A few clusters of \~0.1 % gaps — well above retail trading-fee breakeven (\~0.04 % each side), but small enough that the venues re-arbed within a minute or two. The mean / std distribution per pair tells the same story:

| pair             | mean   | std   | min    | max    |
| ---------------- | ------ | ----- | ------ | ------ |
| binance ↔ gateio | −0.010 | 0.010 | −0.043 | +0.047 |
| binance ↔ kucoin | −0.003 | 0.012 | −0.093 | +0.102 |
| binance ↔ okx    | 0.000  | 0.008 | −0.025 | +0.033 |
| gateio ↔ kucoin  | +0.007 | 0.013 | −0.085 | +0.101 |
| gateio ↔ okx     | +0.010 | 0.011 | −0.036 | +0.057 |
| kucoin ↔ okx     | +0.003 | 0.012 | −0.098 | +0.099 |

`kucoin` is the noisiest leg — its standard deviation against every other venue is the largest, and it's the buy/sell side of every top-8 spread row.

## Extending it

* **More exchanges** — append to the `IN (...)` list. Each addition gives you `(N − 1)` new pair rows per minute, no extra wrappers.
* **Filter to actionable spreads** — append `HAVING spread_pct > 0.04` (or whatever your round-trip fee is). The alert-dispatcher in the article's repo collapses to a single `WHERE`.
* **Different market** — the `WHERE market = 'BTC-USDT'` is the only market constraint.

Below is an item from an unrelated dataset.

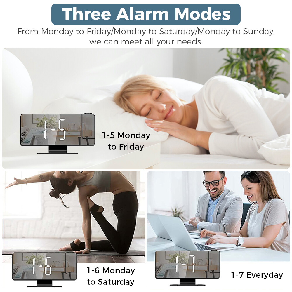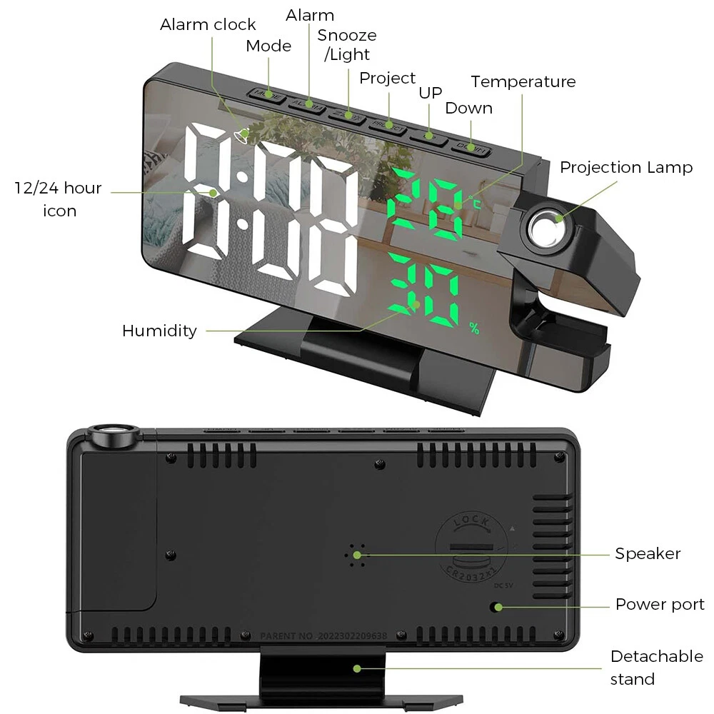 Features: 1.180° Projection Alarm Clock: This adjustable 180° projection clock can project ultra-clear time onto the ceiling or wall at a distance range of 2-5 meters, and is equipped with 2 adjustable projection brightness. When you're in bed, you don't need to touch anything to keep track of your time. 2. USB charging port and memory function: This large 7.8-inch LED digital clock includes a 5V/1A USB output port, which can charge mobile phones, tablets and other electronic devices while charging the LED alarm clock. In addition, the projection alarm clock has a built-in battery backup to remember the time setting even in the event of a power outage. 3. Adjustable brightness and night mode: There are 4 levels of adjustable brightness to meet your requirements. You can adjust the brightness or set the clock in night mode. In night mode, it automatically goes into low light from 18:00 to 5:59 in the evening by default. 4. Snooze function with alarm clock: The projection alarm clock has an alarm clock function with three modes, which can meet all your needs - Monday to Saturday/Monday to Sunday/Monday to Friday. The projection clock has a snooze function. Just press the "Sleep" button and you can get 5~60 minutes of extra sleep or press any other key to cancel the alarm. 5. Simple operation and wide range of applications: Our LED digital alarm clock has a unique design, temperature and humidity with the same screen display, 12/24H, date function, USB charging port and modern design and other updated functions, which is a perfect gift for family, friends and children. Specification: Product Name: LED Mirror Projection Alarm Clock Product size: 18.5x5.5x10.2CM Time display with 4 levels of brightness adjustment: high, medium, low, and off. Manually adjustable Projection Level 3 Brightness Adjustment: High Brightness Low Brightness Off Temperature display: -10°C~50°C(14°F~122 °C); Error: ±1°C Humidity display: 20%~95%, error: +5% Snooze function: adjustable for 5-60 minutes Packing List: 1x clock projector 1x USB cable 1x base 1x User Manual Note: 1. The LED screen is always on when using the USB cable plug that is not included 2. The built-in CR2032 battery is mainly a memory function, and there is no need to reset the time if the power goes out 3. This projection alarm clock must be plugged in and the LED screen will be on all the time. 4. USB cable included, 59 inches in length, but plug not included. 5. The indicator alarm clock can only be displayed towards the back of the alarm clock, if it is forward, the number will be reversed

Add `OR market IN (...)` and a `GROUP BY market` to scan a basket simultaneously.
* **Higher-resolution timing** — 1-minute candles are the smallest exposed via `api.ohlcv(...)`. For sub-minute work, JOIN against `api.trade` directly with a tolerance window (`WHERE abs(a.timestamp - b.timestamp) < INTERVAL 100 MILLISECOND`).